- [Data for analysis]:
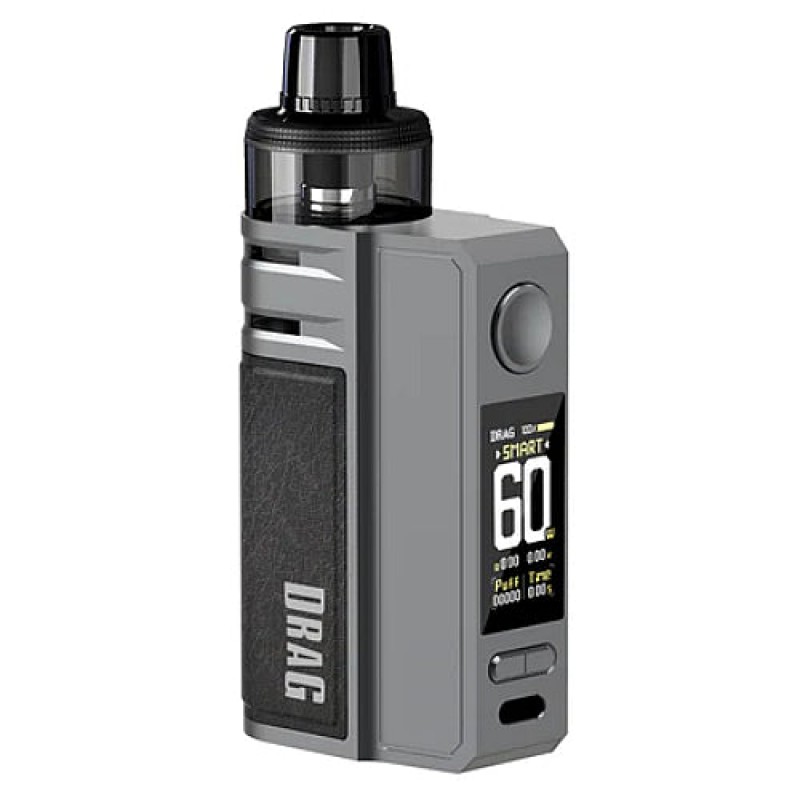 Powered by a built-in 2550mAh battery, the Drag E60 Pod Kit offers up to 60 watts of output power and supports both MTL and DTL vaping styles. Its refillable 4.5ml pod utilizes a bottom fill system for easy and mess-free refills, and comes with two PnP coils (0.2ohm and 0.3ohm) for customizable vaping experiences.
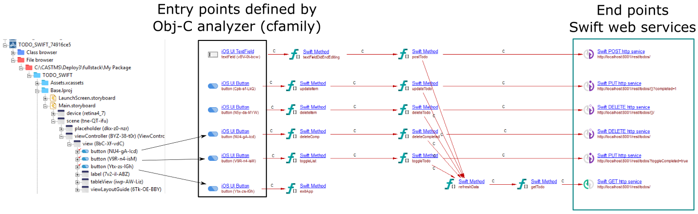 The (call) links from Swift objects (functions, methods, …) to Swift Web Service objects will be created by the analyzer as well. Similar to other analyzers, the responsible of further linking Services and Operations (possible inter-technology) is the dependency extension com.castsoftware.wbslinker . A picture of a simple call-graph including StoryBoard objects as entry points and Web Services as end points is shown in the following section.
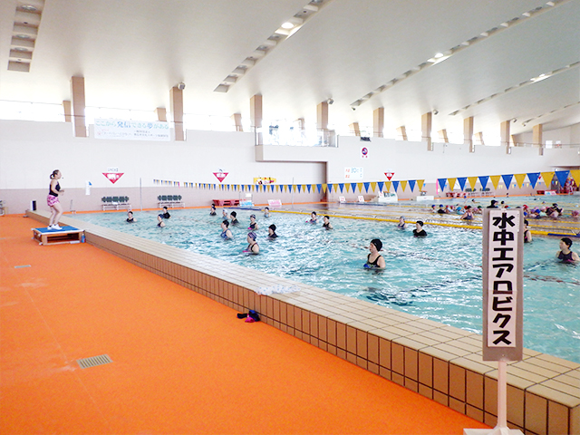 ウォーキングを中心に、水を活用し、効果のある運動方法を指導する「水中ウォーキング」と、水の抵抗を利用することで、効率よく運動効果が得られる、水中で音楽に合わせてエアロビクスを行う「水中エアロビクス」を組み合わせた教室です。
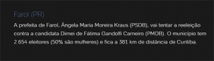 Uma é Farol, onde Angela Kraus e Dina Cardoso, prefeita e ex-prefeita, são as prefeitáveis.
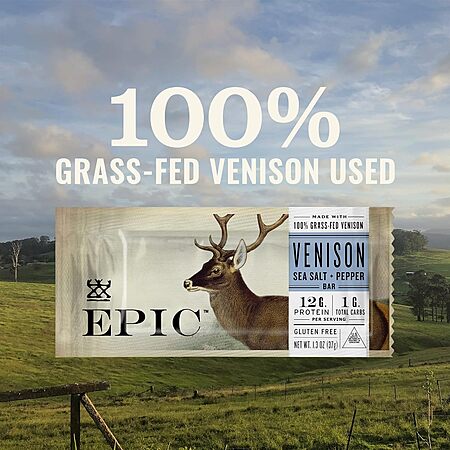 12-Count Epic Keto Friendly Gluten Free Protein Bars (Venison Sea Salt + Pepper)

- [Activity]: Copy each line of the listing exactly, skipping any picture.

- [Your solution]:
 Powered by a built-in 2550mAh battery, the Drag E60 Pod Kit offers up to 60 watts of output power and supports both MTL and DTL vaping styles. Its refillable 4.5ml pod utilizes a bottom fill system for easy and mess-free refills, and comes with two PnP coils (0.2ohm and 0.3ohm) for customizable vaping experiences.
 The (call) links from Swift objects (functions, methods, …) to Swift Web Service objects will be created by the analyzer as well. Similar to other analyzers, the responsible of further linking Services and Operations (possible inter-technology) is the dependency extension com.castsoftware.wbslinker . A picture of a simple call-graph including StoryBoard objects as entry points and Web Services as end points is shown in the following section.
 ウォーキングを中心に、水を活用し、効果のある運動方法を指導する「水中ウォーキング」と、水の抵抗を利用することで、効率よく運動効果が得られる、水中で音楽に合わせてエアロビクスを行う「水中エアロビクス」を組み合わせた教室です。
 Uma é Farol, onde Angela Kraus e Dina Cardoso, prefeita e ex-prefeita, são as prefeitáveis.
 12-Count Epic Keto Friendly Gluten Free Protein Bars (Venison Sea Salt + Pepper)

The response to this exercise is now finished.